- Task brief
Please restate word for word the lines of the entries below from the one with "Giacca uomo blu" to the one with "10pcs Kids' Butterfly", inclusive, and leave out every picture.

- Data for processing
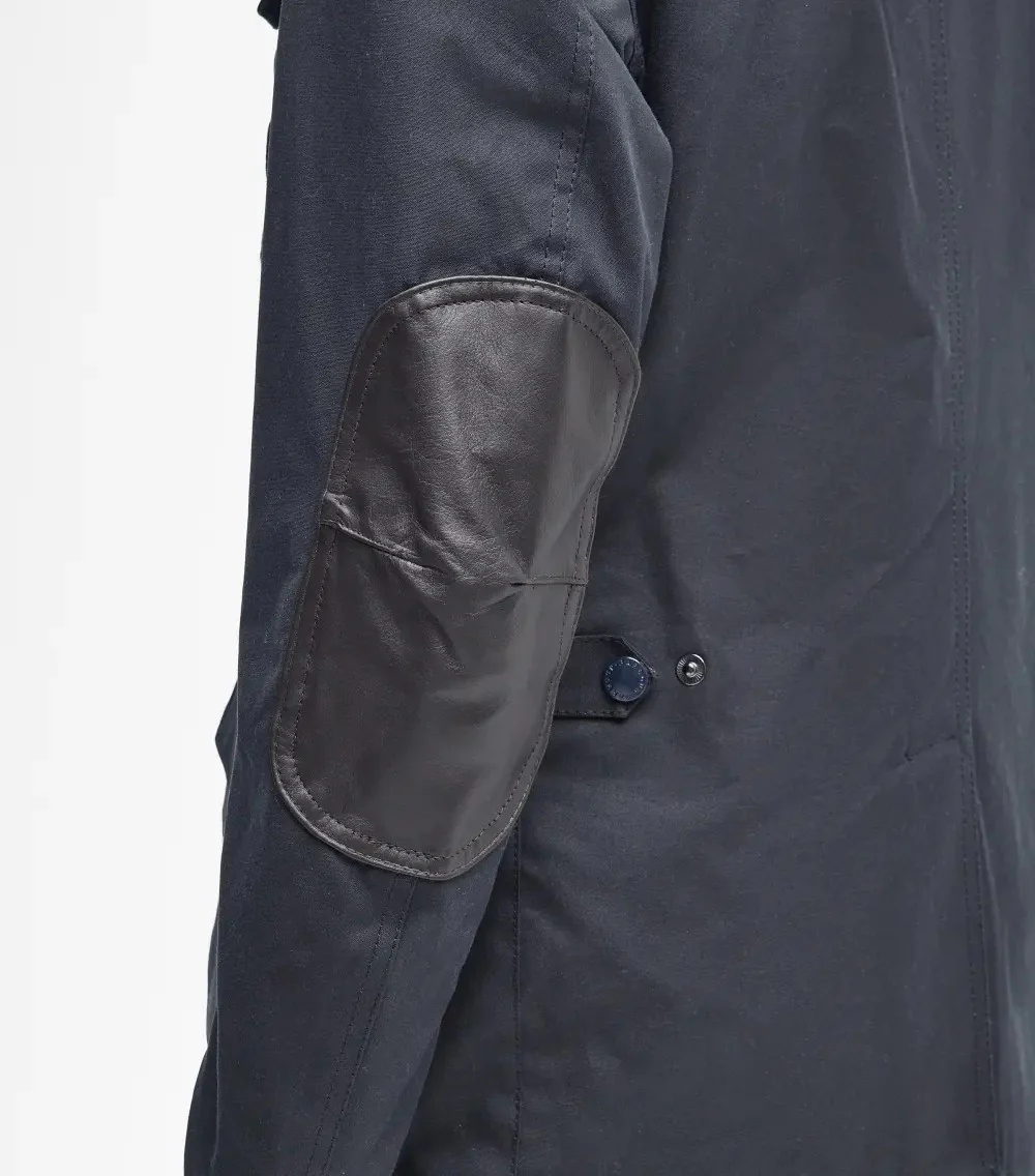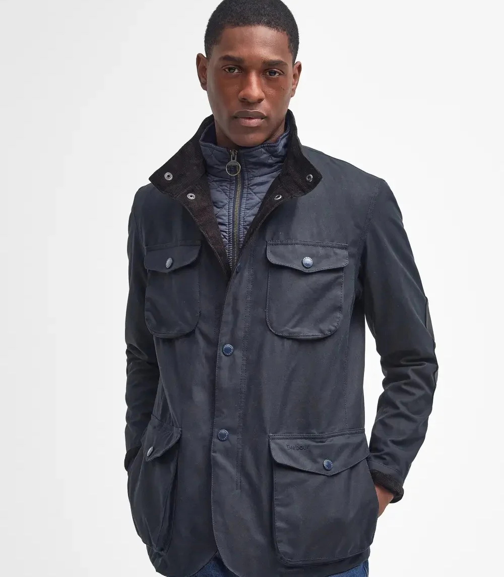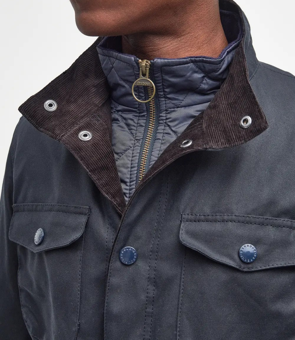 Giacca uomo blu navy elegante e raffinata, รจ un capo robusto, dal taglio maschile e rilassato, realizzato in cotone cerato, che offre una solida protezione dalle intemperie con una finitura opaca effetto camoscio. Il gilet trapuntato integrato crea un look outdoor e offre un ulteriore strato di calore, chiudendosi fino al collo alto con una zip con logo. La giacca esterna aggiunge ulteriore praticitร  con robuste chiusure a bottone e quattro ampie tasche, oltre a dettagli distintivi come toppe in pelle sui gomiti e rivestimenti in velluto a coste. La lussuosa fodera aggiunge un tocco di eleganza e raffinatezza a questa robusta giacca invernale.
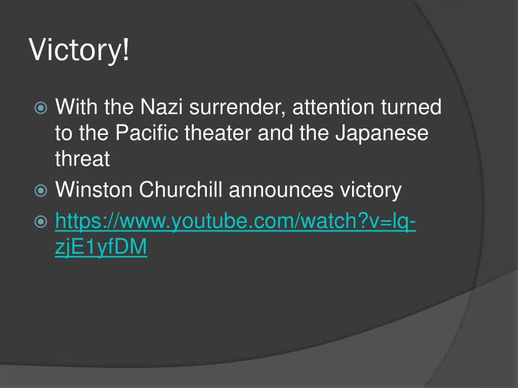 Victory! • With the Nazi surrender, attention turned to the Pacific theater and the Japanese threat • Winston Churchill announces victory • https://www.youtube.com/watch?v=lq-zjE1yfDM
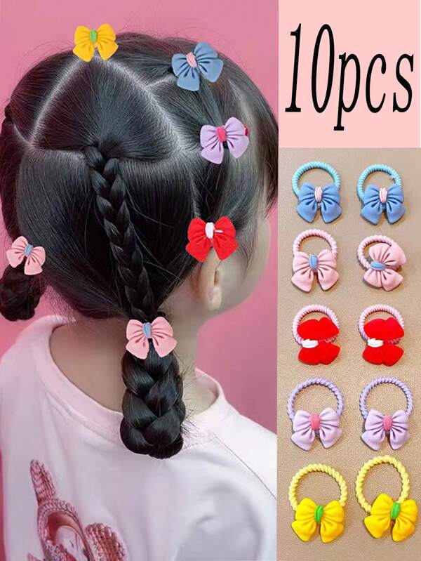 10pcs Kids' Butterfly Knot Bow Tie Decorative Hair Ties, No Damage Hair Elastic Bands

* * *

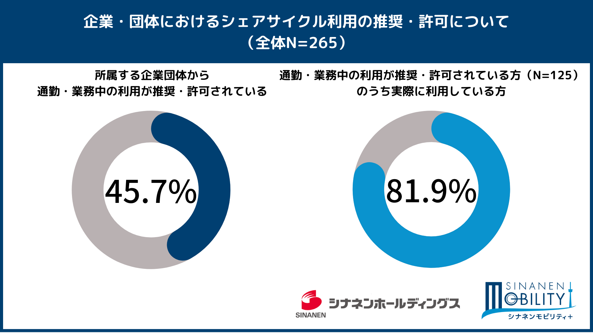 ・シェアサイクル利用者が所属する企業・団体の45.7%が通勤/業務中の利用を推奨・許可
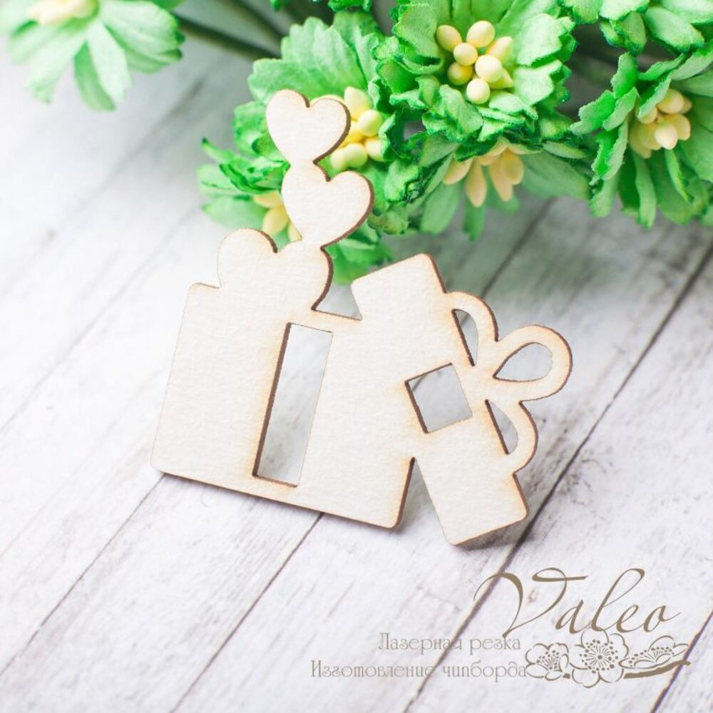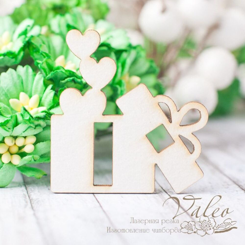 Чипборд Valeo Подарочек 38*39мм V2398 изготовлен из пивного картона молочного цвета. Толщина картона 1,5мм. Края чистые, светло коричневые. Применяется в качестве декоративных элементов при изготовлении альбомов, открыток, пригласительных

...

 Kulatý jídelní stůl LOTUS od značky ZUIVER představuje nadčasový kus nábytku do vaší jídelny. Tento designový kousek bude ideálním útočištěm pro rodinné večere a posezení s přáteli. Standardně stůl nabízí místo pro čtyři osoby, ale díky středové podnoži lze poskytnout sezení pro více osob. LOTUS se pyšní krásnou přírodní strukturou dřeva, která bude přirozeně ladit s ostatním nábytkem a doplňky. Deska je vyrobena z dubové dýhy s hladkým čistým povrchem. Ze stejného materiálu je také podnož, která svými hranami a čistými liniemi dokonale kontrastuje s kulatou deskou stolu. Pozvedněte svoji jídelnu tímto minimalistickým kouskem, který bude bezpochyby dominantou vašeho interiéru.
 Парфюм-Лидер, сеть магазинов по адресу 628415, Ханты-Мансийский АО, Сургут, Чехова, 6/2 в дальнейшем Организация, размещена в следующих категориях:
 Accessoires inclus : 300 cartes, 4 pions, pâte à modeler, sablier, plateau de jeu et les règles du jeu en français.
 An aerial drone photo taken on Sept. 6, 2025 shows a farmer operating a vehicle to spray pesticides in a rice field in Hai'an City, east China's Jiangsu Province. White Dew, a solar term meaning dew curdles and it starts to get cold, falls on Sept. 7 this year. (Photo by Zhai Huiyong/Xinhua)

- Completed exercise
 Giacca uomo blu navy elegante e raffinata, รจ un capo robusto, dal taglio maschile e rilassato, realizzato in cotone cerato, che offre una solida protezione dalle intemperie con una finitura opaca effetto camoscio. Il gilet trapuntato integrato crea un look outdoor e offre un ulteriore strato di calore, chiudendosi fino al collo alto con una zip con logo. La giacca esterna aggiunge ulteriore praticitร  con robuste chiusure a bottone e quattro ampie tasche, oltre a dettagli distintivi come toppe in pelle sui gomiti e rivestimenti in velluto a coste. La lussuosa fodera aggiunge un tocco di eleganza e raffinatezza a questa robusta giacca invernale.
 Victory! • With the Nazi surrender, attention turned to the Pacific theater and the Japanese threat • Winston Churchill announces victory • https://www.youtube.com/watch?v=lq-zjE1yfDM
 10pcs Kids' Butterfly Knot Bow Tie Decorative Hair Ties, No Damage Hair Elastic Bands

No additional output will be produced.